We provide three classes, TMscoring, Sscoring, and RMSDscoring, that only differ in their default optimisation score.

They are initialised with the file paths to two PDB files:

alignment = tmscoring.TMscoring('structure1.pdb', 'structure2.pdb')

# Find the optimal alignment
alignment.optimise()

# Get the TM score:
alignment.tmscore(**alignment.get_current_values())

# Get the TM local scores:
alignment.tmscore_samples(**alignment.get_current_values())

# RMSD of the protein aligned according to TM score
alignment.rmsd(**alignment.get_current_values())
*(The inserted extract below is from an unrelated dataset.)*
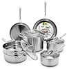GreenPan11 Piece Stainless Steel Cookware Set, Induction Ready, Measurement Markings, Dishwasher & Oven Safe 600F, Pots & Pans, Sauce, Saute, Frying Pans, Silver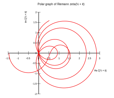 Un gráfico polar de zeta, esto es, Re(zeta) vs. Im(zeta), a lo largo de la línea crítica s=it+1/2, con t con valores desde 0 a 34.

# Returns the transformation matrix between both structures:
alignment.get_matrix(**alignment.get_current_values())

# Save the aligned files:
alignment.write(outputfile='aligned.pdb', appended=True)

The structures can be matched by index (default), or performing a global sequence alignment with Smith-Waterman using a match score of 2, mismatch of -1, a gap penalty of -0.5 for opening and -0.1 for extending.

Utility functions:

get_tm(path_to_pdb1, path_to_pdb2) and get_rmsd(pdb1, pdb2) are simple wrappers that compute TM score or RMSD.

What is different?

tmscoring is a Python library that conveniently exposes all the necessary variables. This removes the necessity to parse files.

Also, the minimisation engine is MINUIT's Migrad, a powerful and robust derivative-free minimisation algorithm, heavily tested by particle physicists for decades. In our testing, tmscoring yields the same or slightly better scores than upstream TMscore.